CircuitBreakerState tracks the circuit breaker pattern state. The circuit breaker prevents cascading failures by stopping requests when the error rate exceeds a threshold.

func (*CircuitBreakerState) IsClosed

func (c *CircuitBreakerState) IsClosed() bool

IsClosed returns true if the circuit is in closed (normal) state.

func (*CircuitBreakerState) IsHalfOpen

func (c *CircuitBreakerState) IsHalfOpen() bool

IsHalfOpen returns true if the circuit is in half-open (testing) state.

func (*CircuitBreakerState) IsOpen

func (c *CircuitBreakerState) IsOpen() bool

IsOpen returns true if the circuit is open (failing fast).

type Config

type Config struct {
	// CircuitBreaker configures the circuit breaker pattern.
	CircuitBreaker CircuitBreakerConfig

	// RateLimiter configures the token bucket rate limiter.
	RateLimiter RateLimiterConfig

	// Bulkhead configures concurrent request limiting.
	Bulkhead BulkheadConfig
}

Config holds configuration for all resilience primitives.

func DefaultConfig

func DefaultConfig() *Config

DefaultConfig returns a Config with sensible defaults for the Basecamp API.

func (*Config) WithBulkhead

func (c *Config) WithBulkhead(bh BulkheadConfig) *Config

WithBulkhead returns a copy of the config with custom bulkhead settings.

func (*Config) WithCircuitBreaker

func (c *Config) WithCircuitBreaker(cb CircuitBreakerConfig) *Config

WithCircuitBreaker returns a copy of the config with custom circuit breaker settings.

func (*Config) WithRateLimiter

func (c *Config) WithRateLimiter(rl RateLimiterConfig) *Config

WithRateLimiter returns a copy of the config with custom rate limiter settings.

type GatingHooks

type GatingHooks struct {
	// contains filtered or unexported fields
}

GatingHooks implements basecamp.GatingHooks to provide resilience patterns for SDK operations. It gates requests through circuit breaker, rate limiter, and bulkhead before they execute.

func NewGatingHooks

func NewGatingHooks(cb *CircuitBreaker, rl *RateLimiter, bh *Bulkhead) *GatingHooks

NewGatingHooks creates a new GatingHooks with the given primitives.
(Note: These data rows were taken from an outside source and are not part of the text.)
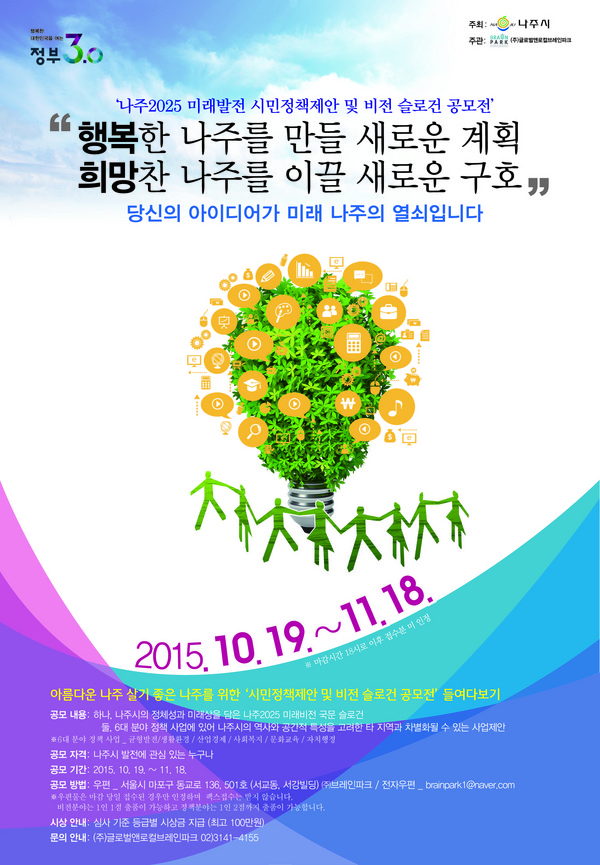 나주시는 나주2025 미래발전 전략 중장기 계획 수립과 연계하여 나주시의 정체성을 반영하고 시민이 공감하는 정책과 비전을 개발하기 위하여 나주시 발전에 관심 있는 전 국민을 대상으로 10월 19일부터 11월 18일까지 ‘나주2025 미래발전 시민정책제안과 비전 슬로건 공모전’을 실시한다.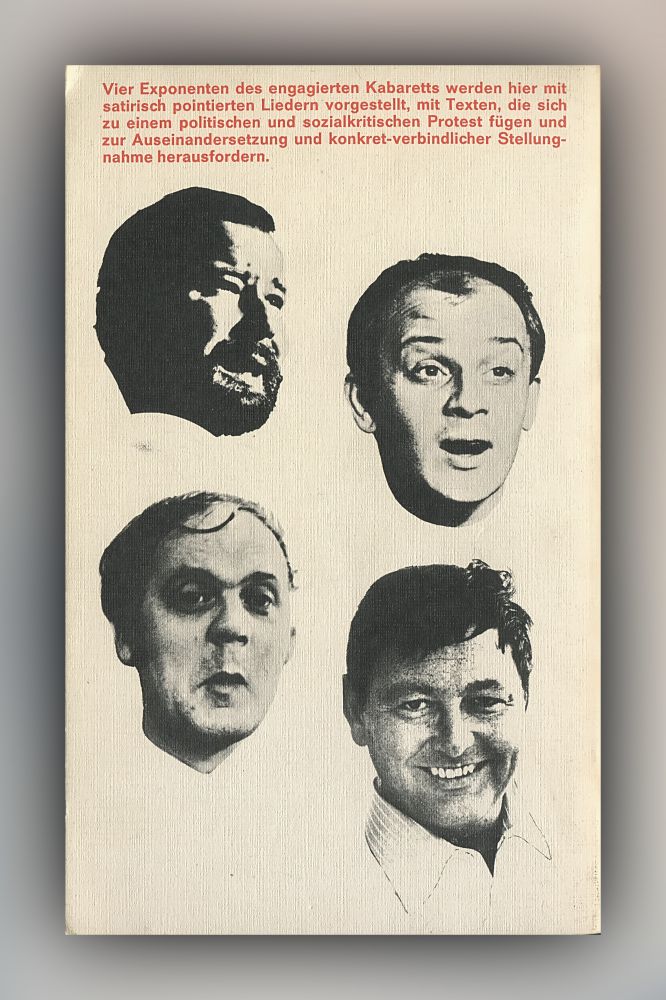 »Vier Exponenten des engagierten Kabaretts werden hier mit satirisch pointierten Liedern vorgestellt, mit Texten, die sich zu einem politischen und sozialkritischen Protest fügen und zur Auseinandersetzung und konkret-verbindlicher Stellungnahme herausfordern.«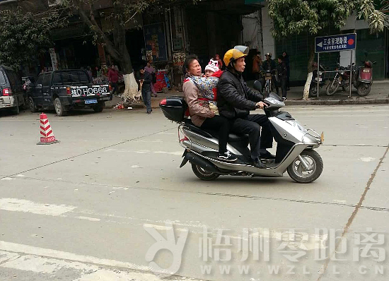 1月6日,在龍圩區糖廠路口,路面的斑馬線已模糊,摩托車超載、違法搭乘小孩的現象比比皆是。覃燕霞 攝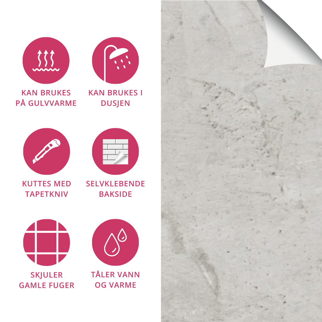 Har du lyst på nytt gulv på badet? Eller kanskje du har lyst på nye fliser i dusjen? Endelig er løsningen her! Disse innovative selvklebende flisene kan festes rett på ditt gamle underlag, til og med på gulv med varme, laminat og i dusjsonen. Ja - du leste riktig! Disse flisene kan brukes på alle slette underlag på både vegg og gulv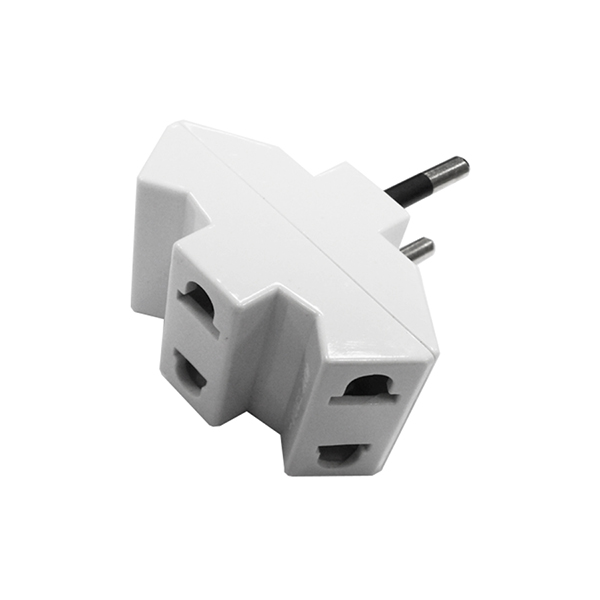 Adaptador Triple para enchufar hasta tres aparatos de poca potencia (máximo 2000W). Muy compacto, ocupa muy poco espacio.

func NewGatingHooksFromConfig

func NewGatingHooksFromConfig(store *Store, cfg *Config) *GatingHooks

NewGatingHooksFromConfig creates a GatingHooks using the provided config and store.

func (*GatingHooks) OnOperationEnd

func (h *GatingHooks) OnOperationEnd(ctx context.Context, op basecamp.OperationInfo, err error, duration time.Duration)
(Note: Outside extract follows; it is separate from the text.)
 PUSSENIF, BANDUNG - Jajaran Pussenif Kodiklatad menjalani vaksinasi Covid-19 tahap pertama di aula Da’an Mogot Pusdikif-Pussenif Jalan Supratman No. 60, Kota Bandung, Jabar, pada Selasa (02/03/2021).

OnOperationEnd is called when a semantic SDK operation completes. It releases the bulkhead slot and records success/failure for circuit breaker.
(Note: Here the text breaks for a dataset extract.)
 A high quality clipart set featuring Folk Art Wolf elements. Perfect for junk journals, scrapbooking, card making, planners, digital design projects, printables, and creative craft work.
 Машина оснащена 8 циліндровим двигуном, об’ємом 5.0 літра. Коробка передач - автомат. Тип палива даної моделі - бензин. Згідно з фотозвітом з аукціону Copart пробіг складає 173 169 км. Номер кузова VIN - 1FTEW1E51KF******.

func (*GatingHooks) OnOperationGate

func (h *GatingHooks) OnOperationGate(ctx context.Context, op basecamp.OperationInfo) (context.Context, error)

OnOperationGate is called before OnOperationStart. It checks rate limiter, bulkhead, and circuit breaker before allowing the operation to proceed.

Gate order is important: rate limiter and bulkhead are checked BEFORE circuit breaker because the circuit breaker reserves a half-open slot atomically. If we checked circuit breaker first and then rate limiter rejected, the half-open slot would leak (never released).

Tradeoff: This ordering means rate limiter tokens are consumed even if bulkhead is full or circuit is open. This is acceptable for a CLI tool where occasional token waste is preferable to half-open slot leaks.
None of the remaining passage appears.